Manganese-Induced Oxidative Stress Contributes to Intestinal Lipid Deposition via the Deacetylation of PPAR gamma at K339 by SIRT1

Aims: Excessive manganese (Mn) exposure is toxic, and induces lipid deposition, but the underlying mechanisms remain elusive. Herein, we explored how dietary Mn supplementation affects lipid deposition and metabolism in the intestine of vertebrates using the yellow catfish Pelteobagrus fulvidraco as the model.Results: High-Mn (H-Mn) diet increased intestinal Mn content, promoted lipid accumulation and lipogenesis, and inhibited lipolysis. In addition, it induced oxidative stress, upregulated metal-response element-binding transcription factor-1 (MTF-1), and peroxisome proliferator-activated receptor gamma (PPAR gamma) protein expression in the nucleus, induced PPAR gamma acetylation, and the interaction between PPAR gamma and retinoid X receptor alpha (RXR alpha), while it downregulated sirtuin 1 (SIRT1) expression and activity. Mechanistically, Mn activated the MTF-1/divalent metal transporter 1 (DMT1) pathway, increased Mn accumulation in the mitochondria, and induced oxidative stress.

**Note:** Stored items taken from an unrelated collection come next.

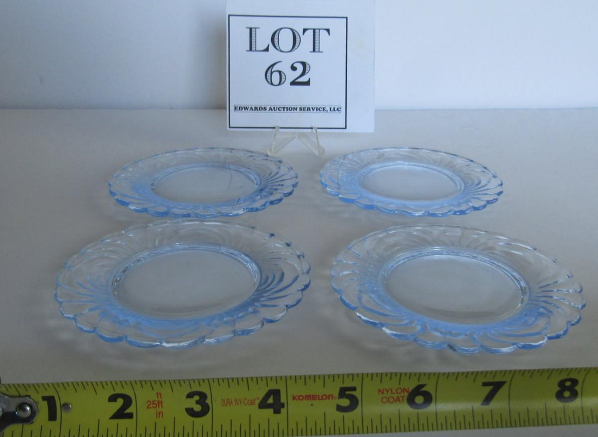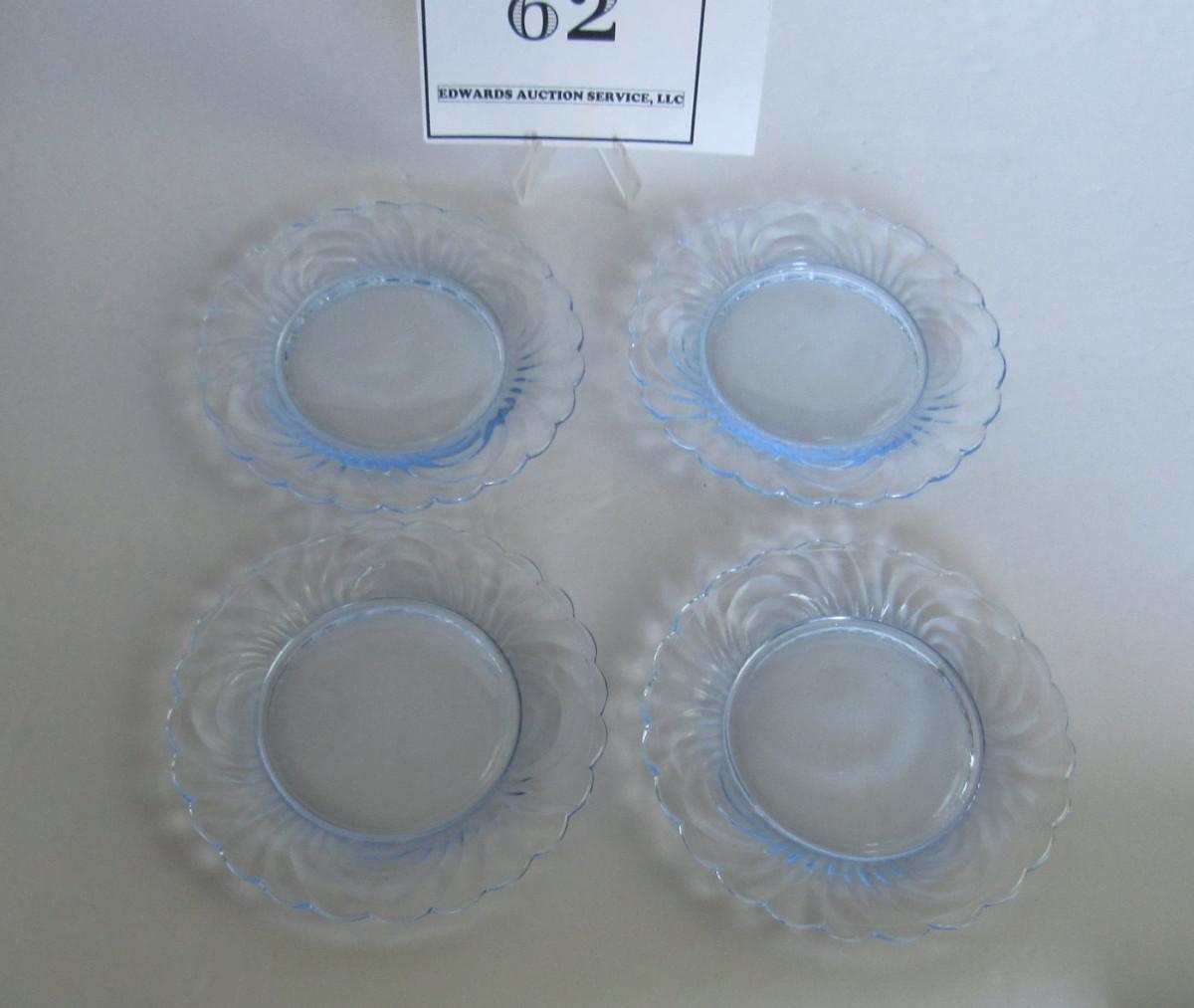 Child's Size Mosser Glass Lindsey Set of 4 Dinner Plates, Moonlight Blue
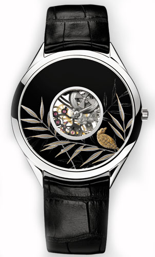 Чорний лак, візерунок «Бамбук та Горобець» з обох боків, виконаний у техніці Maki-e. Японський символ сили та довголіття.
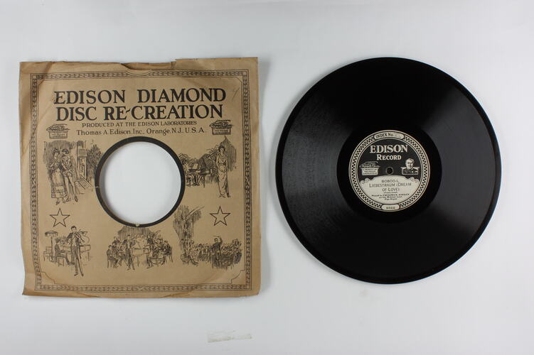 Side A: INDEX NO. 24871 1/M 24 / EDISON RECORD / A PRODUCT OF THE EDISON LABORATORIES / 80800-L / LIEBESTRAUM (DREAM OF LOVE) / (Franz Liszt) / Played by FREDERICK KINSLEY / on the Midmer-Losh / Pipe Organ / 9566 Side B: EDISON RECORD / A PRODUCT OF THE EDISON LABORATORIES / 80800-R / PRELUDE IN C SHARP MINOR OP. 3 / (Sergei Rachmaninoff) / Played by FREDERICK KINSLEY / on the Midmer-Losh / Pipe Organ / 9565 One side of sleeve: EDISON DIAMOND DISC RE-CREATION / (text and illustrations) Second side of sleeve: (text) / (Patents - list of years latest1918) / (text)
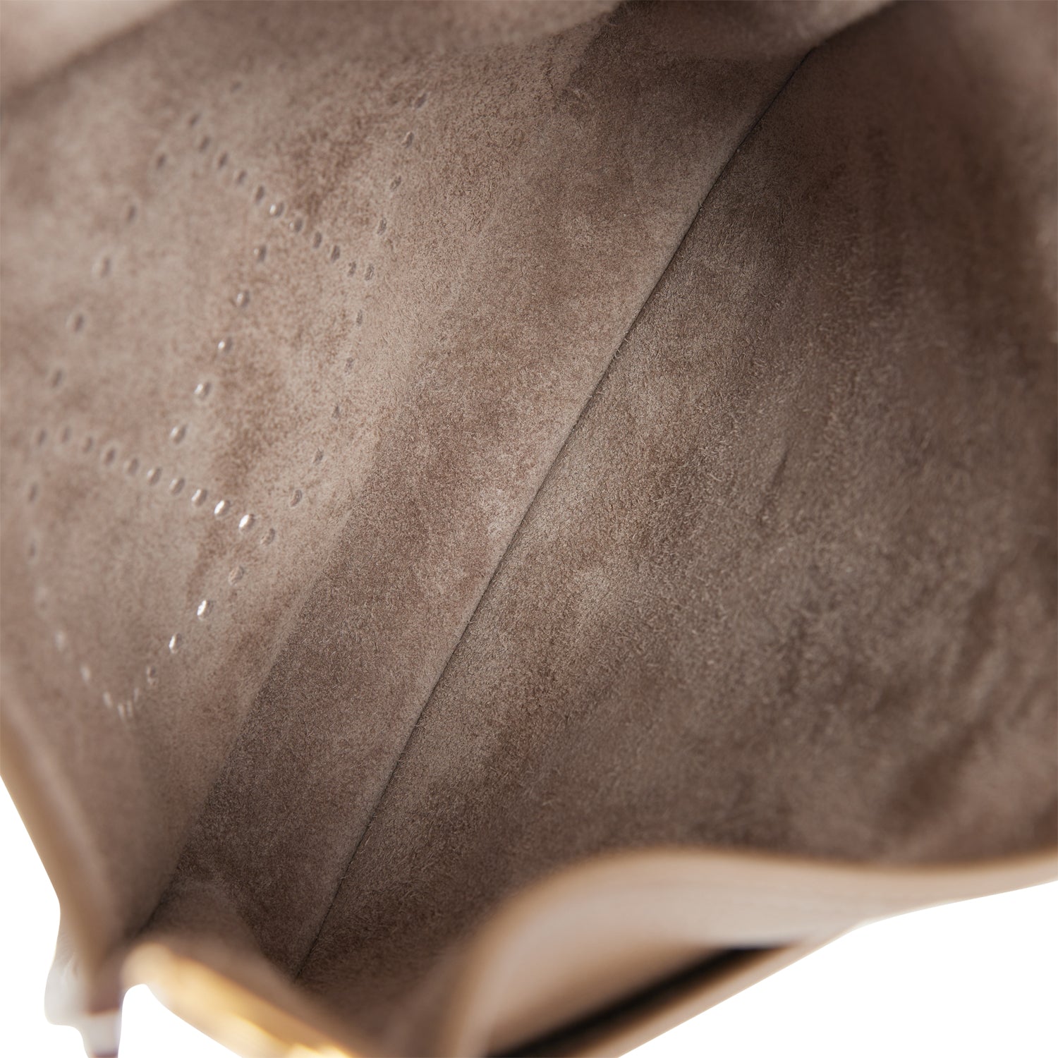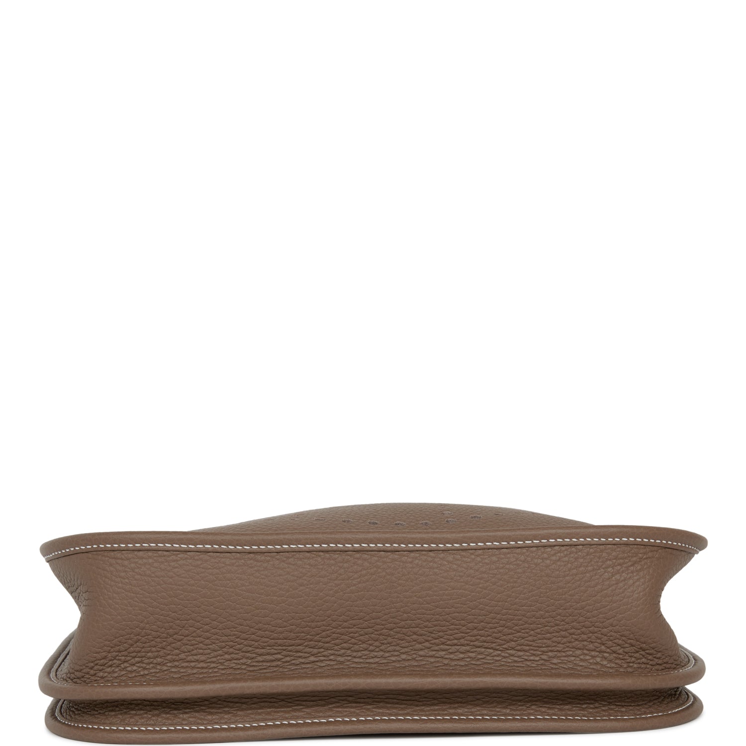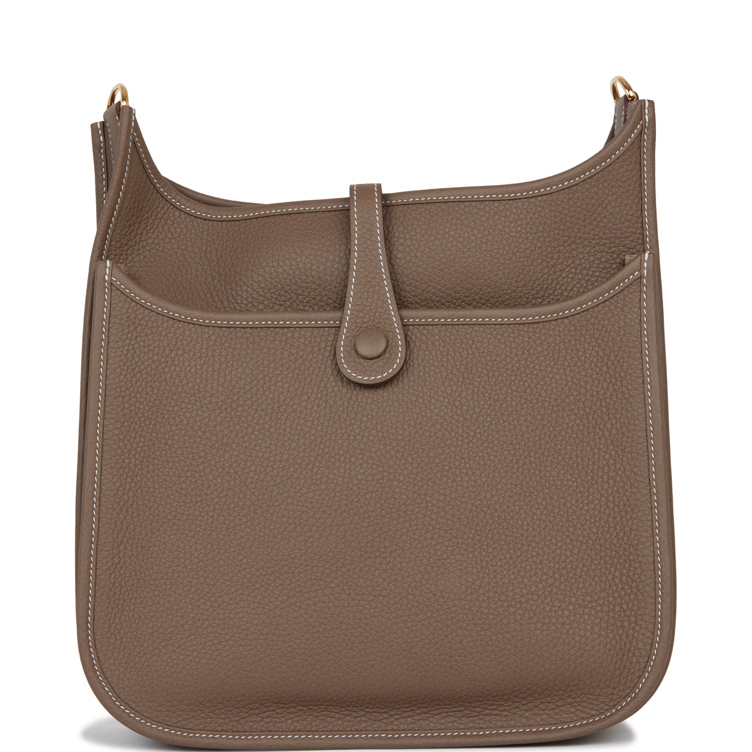 This Evelyne is in Etoupe clemence leather with gold hardware and has contrast stitching, pull tab top closure and Etoupe removable canvas and leather shoulder/crossbody strap.
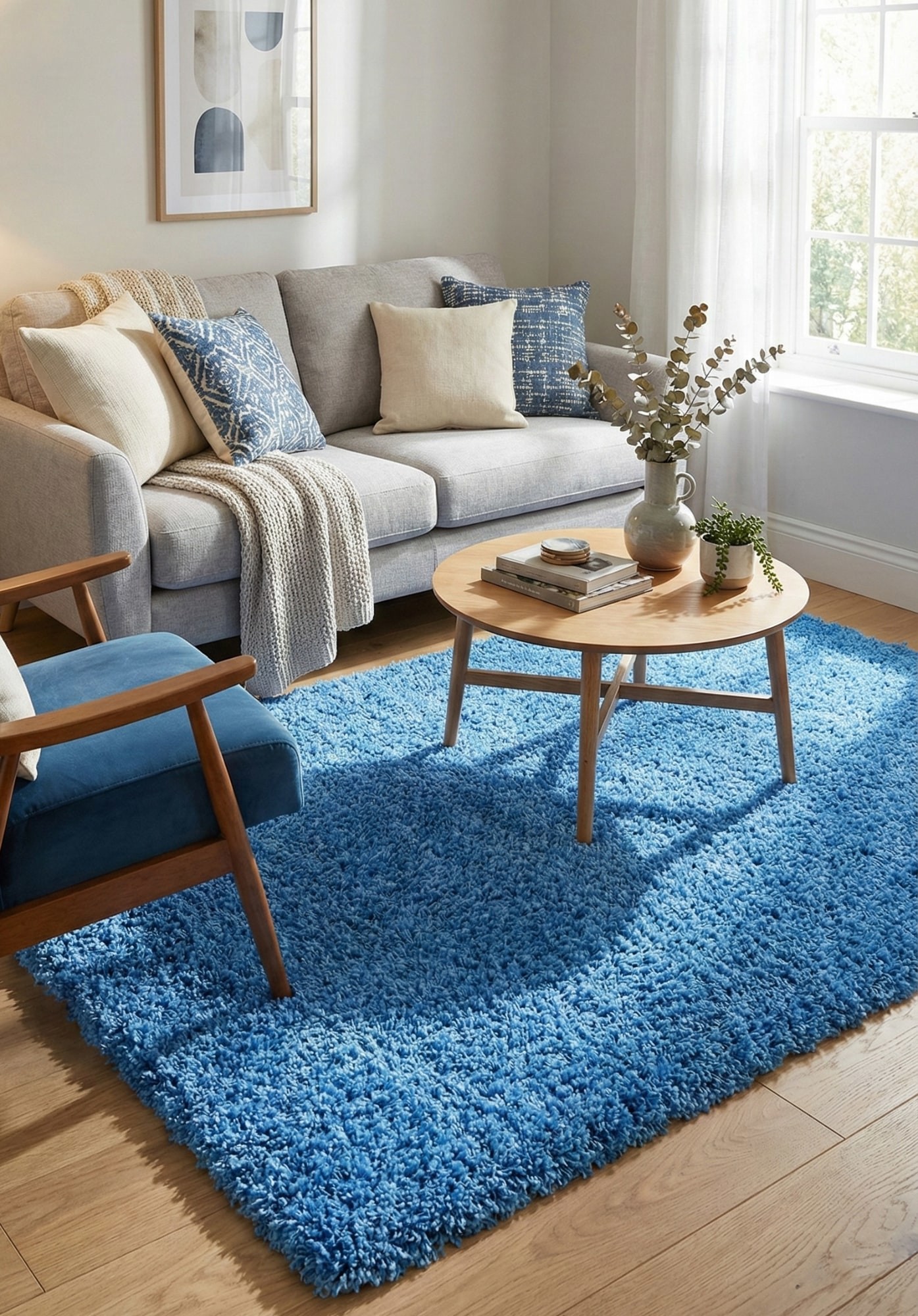 Заввишки 40 мм, його м'який ворс дарує приємні відчуття на дотик, забезпечуючи шумоізоляцію та створюючи атмосферу тепла й затишку у вашому домі. Сучасний дизайн в поєднанні з насиченим синім кольором, який не вигорає з часом, робить цей килим стильним доповненням будь-якого інтер'єру.
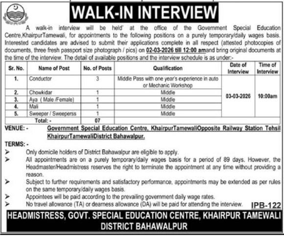 Authorities Particular Training Centre invitations functions for job positions marketed in each day Every day Pakistan dated 27 February 2026 for following vacancies in Bahawalpur, bahawalpur Punjab Pakistan.
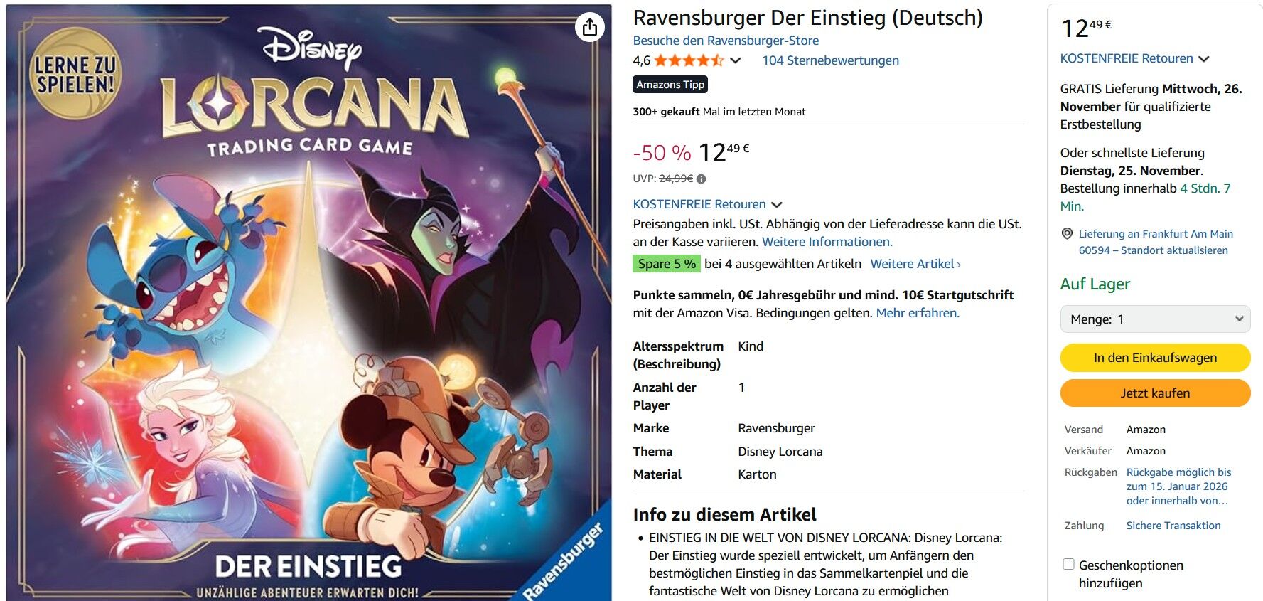 Bei Amazon bekommt man das Trading-Kartenspiel von Ravensburger – Disney Lorcana: Der Einstieg (Deutsch) für 12,49€ inkl. Prime-Versand.
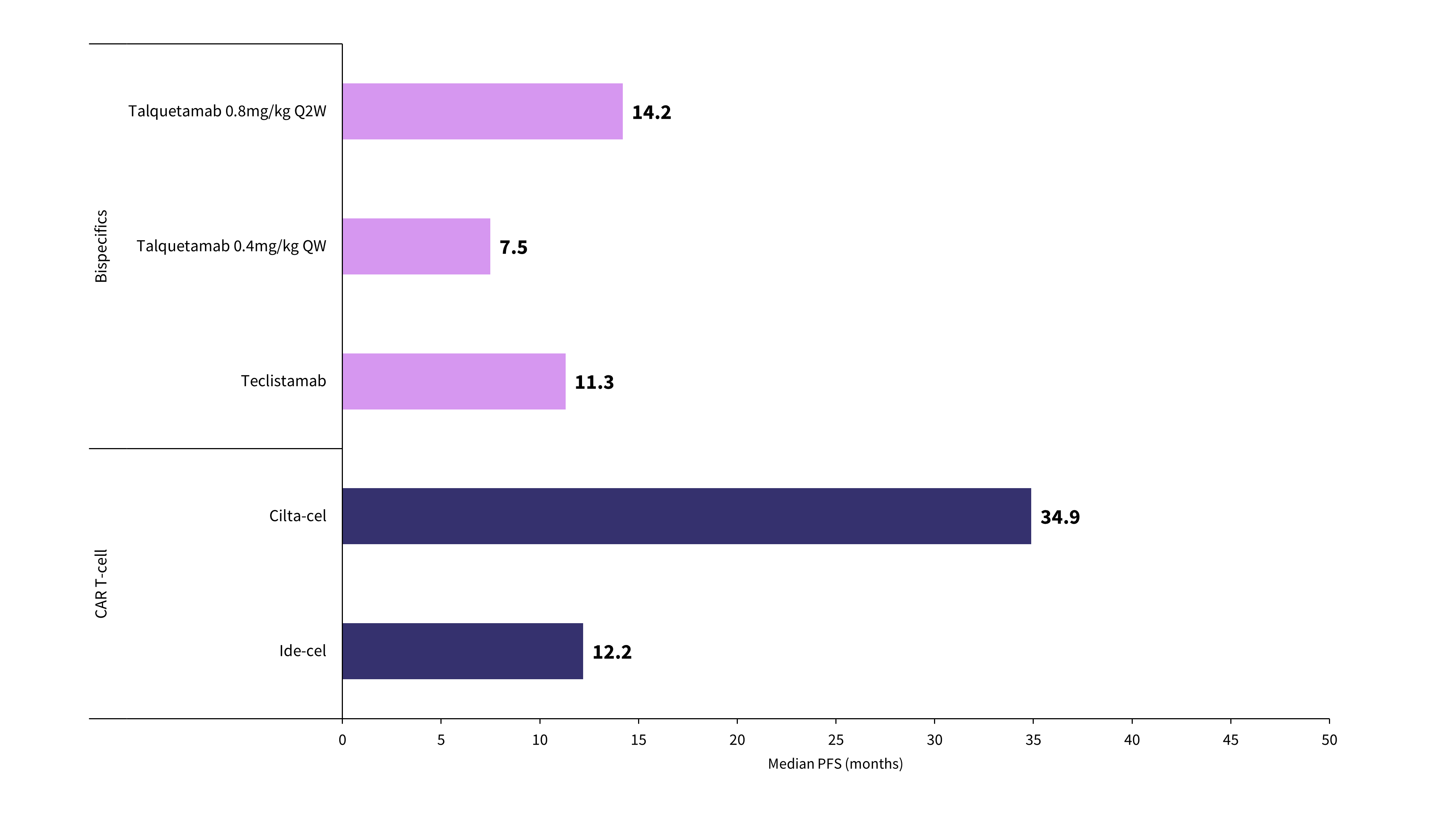 Figure 2. Median progression-free survival for CAR T-cell and bispecific antibody therapies*
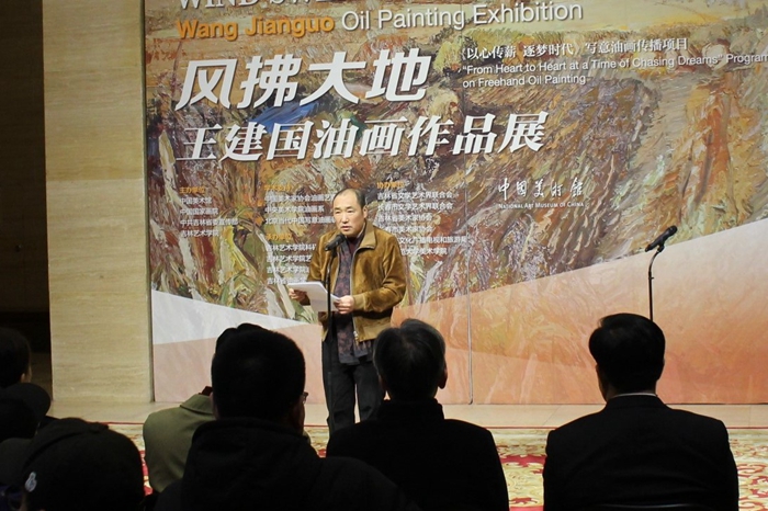 中国美术馆馆长、中国美协副主席吴为山在致辞中表示,王建国的作品主要展现出两个维度的特征:一方面,它是对中国东北地域广袤原野、恢宏大地的诗意抒写。作品中既有开阔宏大的原野,又有咫尺之间富于生命力的作物,强烈的色彩与流动的笔触碰撞交响,颂扬着黑土地的恩泽与丰饶的生命景象;另一方面,通过视觉的描绘,诠释出当代人在都市化进程中微观的内在变化,唤醒潜藏于城市景观中的时光记忆与人文精神。
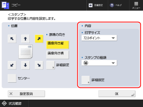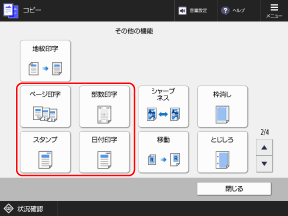 ページ番号や日付などの情報を付けてコピーします。「社外秘」などのスタンプを付けることもできます。スタンプには、任意の文字列を指定することもできます。
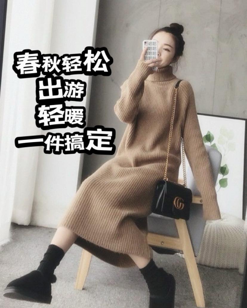 初春旅游凉凉的,一件式高领毛衣裙,轻松搞定,造型满分🩷
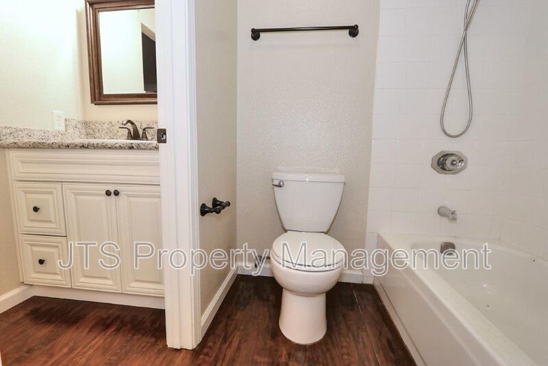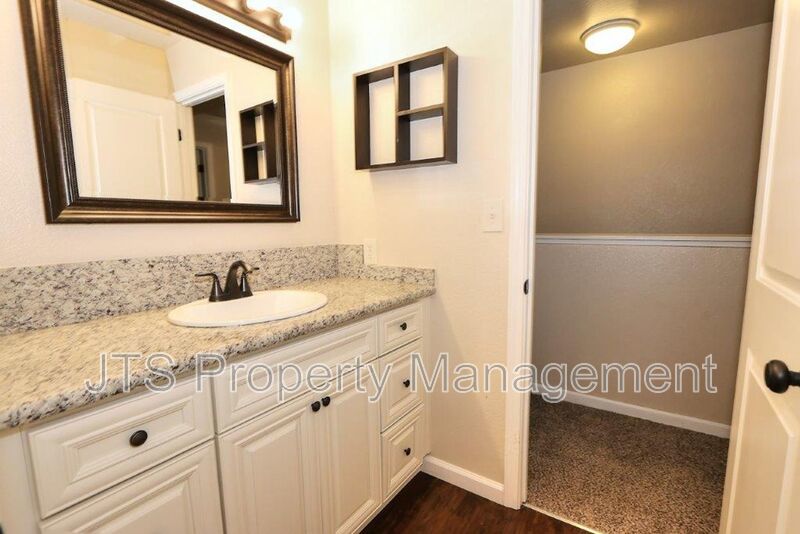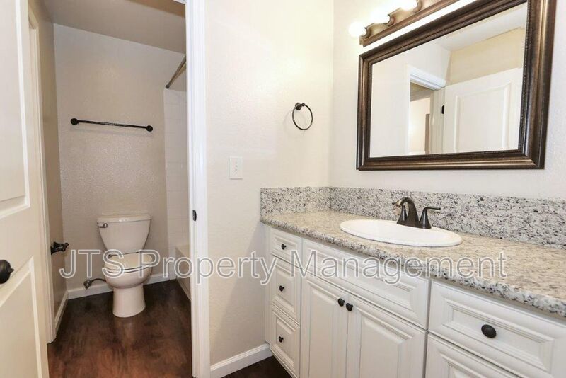 Remodeled home includes luxury plank floors downstairs and carpet upstairs. Granite counters in kitchen and baths, shaker style cabinets with black hardware. All new stainless steel appliances to include stove, dishwasher, built in microwave, garbage disposal, and refrigerator. New doors and knobs throughout. Designer 2-tone paint through-out, central heat and air, fenced yard/patio. Washer/dryer hook-ups, community pool. 12 month lease. Pets are not accepted.

This in turn promoted lipid deposition via deacetylation of PPAR gamma at K339 by SIRT1. Subsequently, PPAR gamma mediated Mn-induced lipid accumulation through transcriptionally activating fatty acid translocase, stearoyl-CoA desaturase 1, and perilipin 2 promoters.Innovation: These studies uncover a previously unknown mechanism by which Mn induces lipid deposition in the intestine via the oxidative stress-SIRT1-PPAR gamma pathway.Conclusion: High dietary Mn intake activates MTF-1/DMT1 and oxidative stress pathways. Oxidative stress-mediated PPAR gamma deacetylation at K339 site contributes to increased lipid accumulation. Our results provided a direct link between Mn and lipid metabolism via the oxidative stress-SIRT1-PPAR gamma axis.